Several things in a community are influenced by Census counts, such as disaster response, education, economic development, local infrastructure, community planning and development, public safety, roads and more, according to ncruralcenter.org. The website cites lack of internet access, social isolation, housing status, language barriers, distrust and fear as the main reasons many people do not participate in the Census.

“It is critical that anchor institutions and community-based organizations – our hospitals, libraries, clinics, community colleges, schools, child care centers, and local and state government officials – are vessels for information and resources to support every North Carolinian in participating,” according to the website. “Safe havens and community institutions like churches, libraries, barbershops and hair salons can also serve as conduits of information to reach hard-to-count communities.

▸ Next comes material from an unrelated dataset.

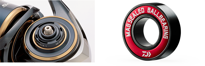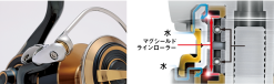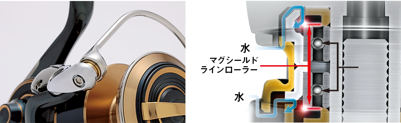 The line roller, which receives the seawater and sand directly picked up by the line, is one of the most severe parts of the reel. Such line rollers are also protected by the technology of magseal. Preventing the entry points and foreign matter greatly contributes to maintaining long term performance such as rotational feel and sensitivity. In addition, the improved rotation of the line rollers has reduced problems such as line breaking.

We must all do our part.” 

The NC Counts Coalition reports of the 15 North Carolina counties at risk of an undercount, 11 of them are rural.

“An accurate, or inaccurate, census count has a direct economic impact on every North Carolinian,” said Patrick Woodie, president of NC Rural Center. “Our state receives $16.2 billion in census-guided funds per year from federal programs, which amounts to about $1,600 per person per year and we simply cannot afford to lose a dime of that.”

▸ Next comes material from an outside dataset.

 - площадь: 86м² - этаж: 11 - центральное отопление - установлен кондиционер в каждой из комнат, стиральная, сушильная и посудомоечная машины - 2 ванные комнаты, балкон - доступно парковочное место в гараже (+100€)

Census results are a determining factor when billions of federal funding dollars are allocated to more than 100 programs, such as Medicaid, Head Start, block grants for community mental health services and the Supplemental Nutrition Assistance Program, or SNAP. 

“There is a shared fate between rural, urban and suburban communities in North Carolina, and this is demonstrated all too well by the economic impact of an accurate census count,” Woodie said. “The foods we buy, the roads we drive on, the schools we send our children to and the quality of the education they receive, the jobs we create or retain – all of these things depend on an accurate count, and all of these things transcend party, geographic and demographic lines.”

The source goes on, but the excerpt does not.